Thursday, April 2, 2020

Music in a Time of Anxiety: Bartók's Sonata for Two Pianos & Percussion

In what feels like Week #144 of the global COVID-19 Isolation, Peter Sirotin, Artistic Director of Market Square Concerts, has selected two works for this week's “Weekly Dose of Great Chamber Music” with the view that music is good medicine for the soul. The main reason for selecting these two performances is to feature Stuart Malina, whose celebration of his Twenty Years as Music Director of the Harrisburg Symphony has been cut short by concerns over the Coronavirus. Featured as a guest pianist with Market Square Concerts over many of those years, Malina was also to be involved with MSC's final concert of the season, our own celebration of Stuart's Twenty Years in Harrisburg and that too, now, has been canceled, rescheduled for a later season.

There is another theme in these two works. Hungarian composer Bela Bartók wrote his Sonata for Two Pianos and Percussion in the shadow of what soon became World War II and the dark mood, especially of the first movement and many of the nighttime interruptions of the middle movement, reflect that period of grim uncertainty.
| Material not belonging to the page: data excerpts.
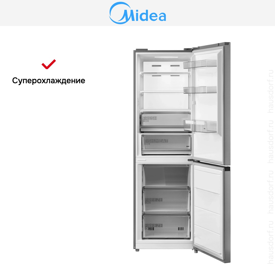 Холодильник Midea MDRB471MGF46O — стильный двухкамерный агрегат с нижней морозильной камерой и корпусом в цвете нержавеющей стали. Его строгий внешний вид легко вписывается в современную кухню и придаёт интерьеру аккуратный профессиональный штрих. Металлическая поверхность устойчива к отпечаткам и проста в уходе, что делает внешний вид аккуратным даже при интенсивной эксплуатации.
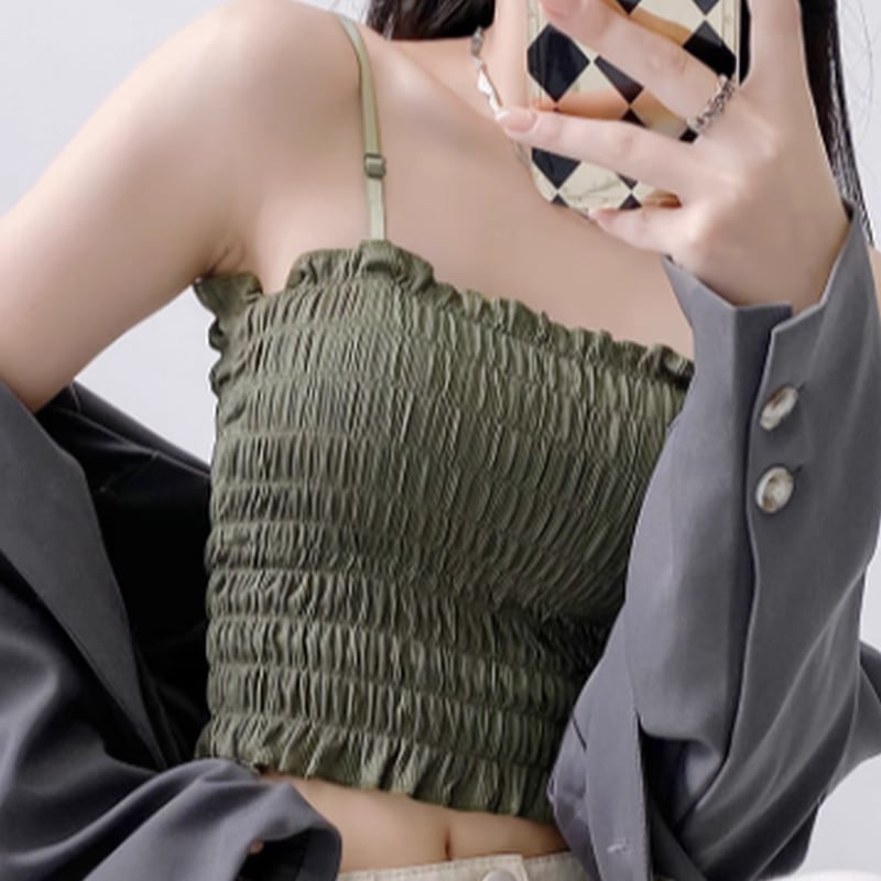 すっきりとしたシルエットのクロップドキャミソール。細めのストラップと、シャーリングデザインが女性らしい印象を与えます。カジュアルなスタイルにも、ジャケットを羽織ってきれいめな装いにも合わせやすく、着回し力抜群の一枚です。様々なボトムスと相性も良く、普段使いから特別な日まで活躍します。
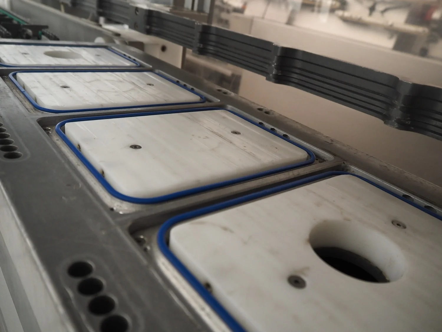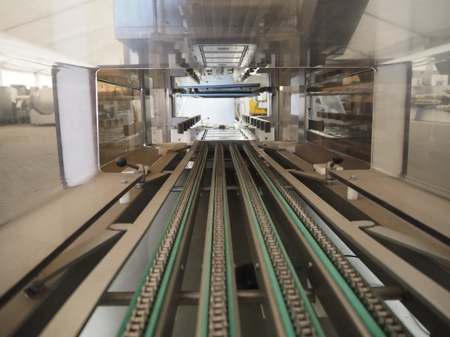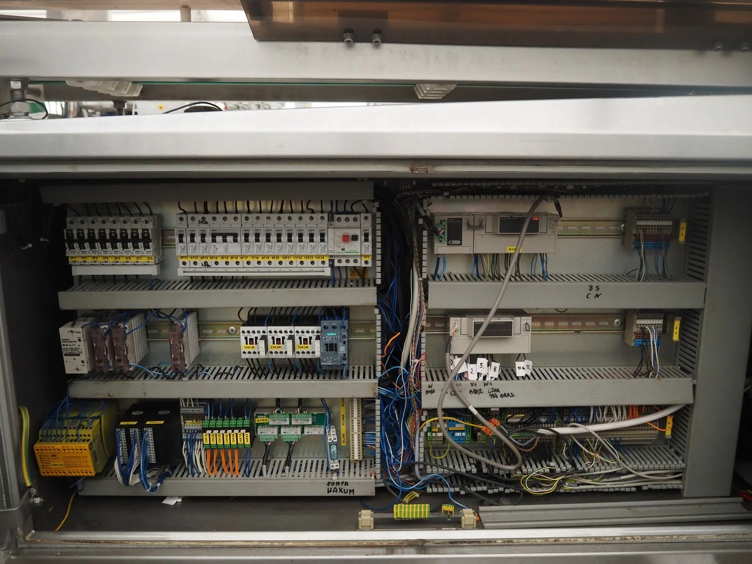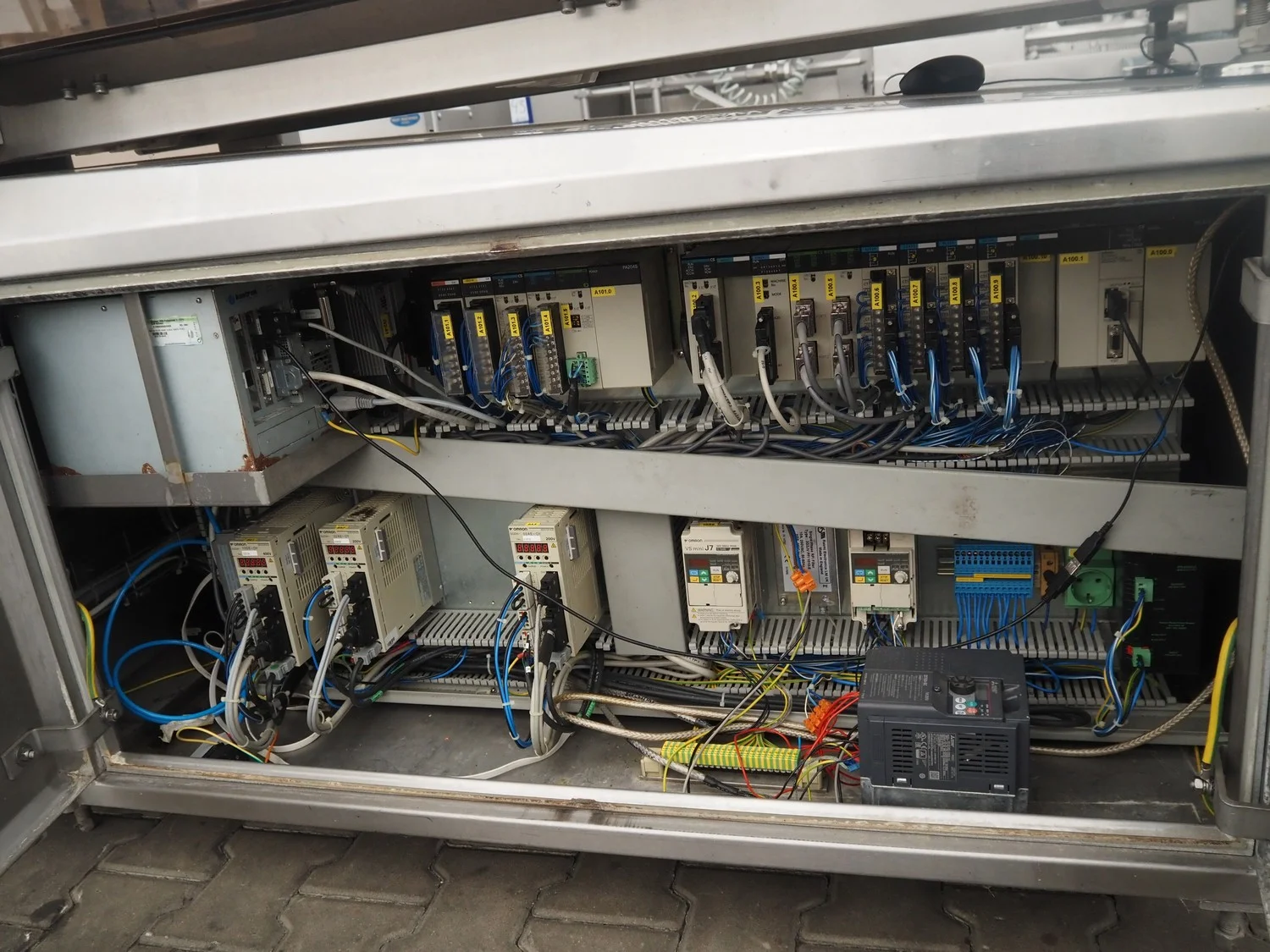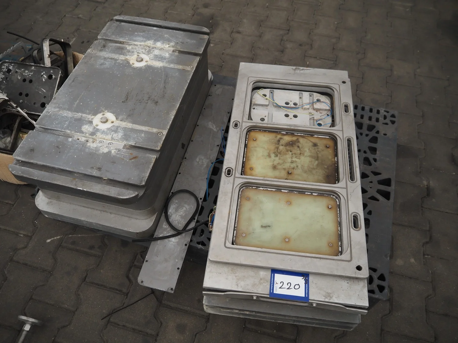 Sealpac traysealer, model: Sealpac 800, serial number: TVG 01 1031 01, year of construction: 2004, 3x400/230 V, 3 Ph, 10 kW, weight: 2000 kg, infeed- and outfeed wire belt, belt width: (2x) 220 mm, dye dimensions: (4x) 220 mm x 160 mm, total dimensions: 8500 mm x 900 mm x 2000 mm. Including pallet with parts and Busch vacuum pump, type: 250-132, serial number: 49167, dimensions dye: (3x) 288 mm x 220 mm.
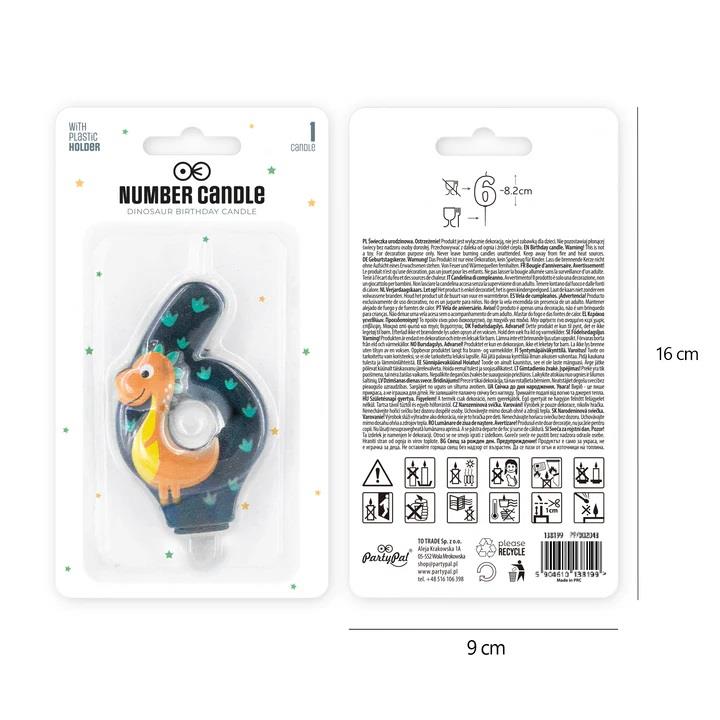 Świeczka cyfra 6 Dinozaura 138168 Urodzinowa na tort cyferka
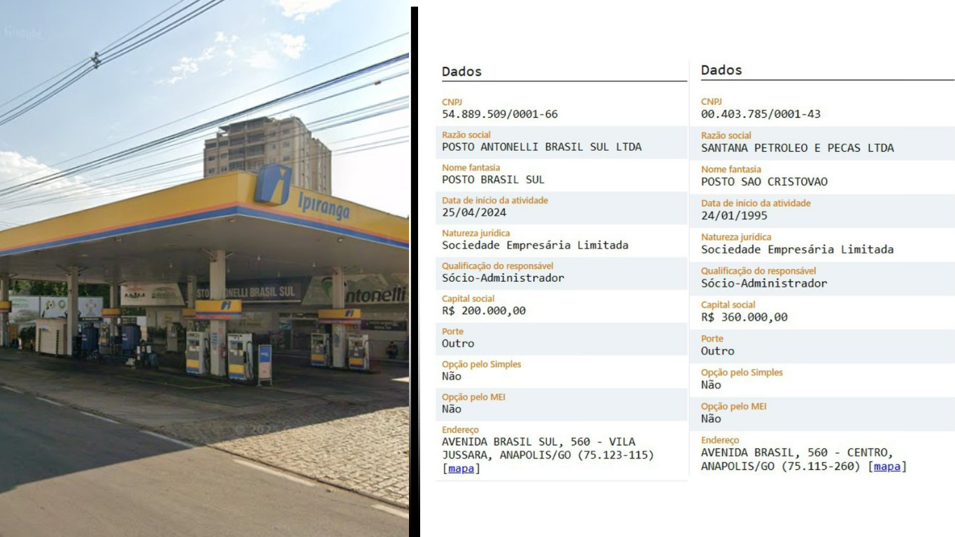 No entanto este também é o endereço de outro posto, Brasil Sul, que, em 2025, foi também o campeão de vendas de derivados de petróleo para o deputado, com R$ 82.145,60. Ou seja, desta forma, em dois anos, um único posto com o mesmo endereço, mas duas razões sociais e registro de CNPJ diferentes receberam R$ 132.547,33 em verbas públicas do Estado de Goiás.
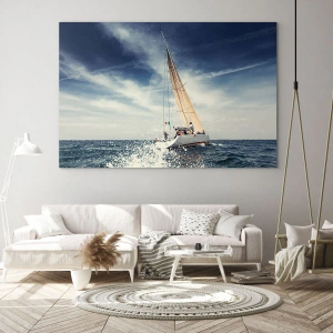 Un tableau représentant un yacht naviguant sur une mer agitée sous un ciel bleu. Une décoration parfaite pour les amateurs de voile et d'aventures nautiques.
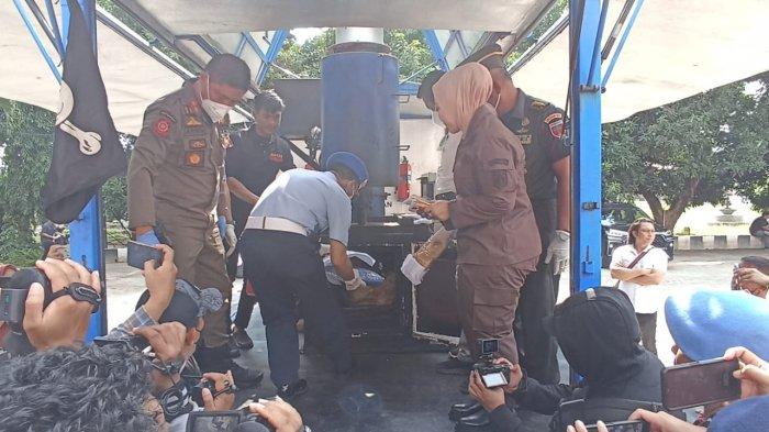 Pemusnahan berlangsung di halaman parkir belakang, Mapolda Sulsel, Jl Perintis Kemerdekaan, Makassar, Kamis (28/12/2023) pagi.

Soviet composer Dmitri Shostakovich wrote his Piano Quintet in G Minor in 1940, shortly after World War II began, where the looming threat was the imminent invasion by Nazi Germany in June of 1941.

While much is made of our being at war with an “invisible enemy,” perhaps the associations with this music is apt. Just as art can be entertaining, it can also be intellectually stimulating. It can also be cathartic and let us know – as the acting teacher Stella Adler said in a quote that heads this blog, “Life beats down and crushes the soul and art reminds you that you have one” – we have gotten through anxious times before and we can get through this one.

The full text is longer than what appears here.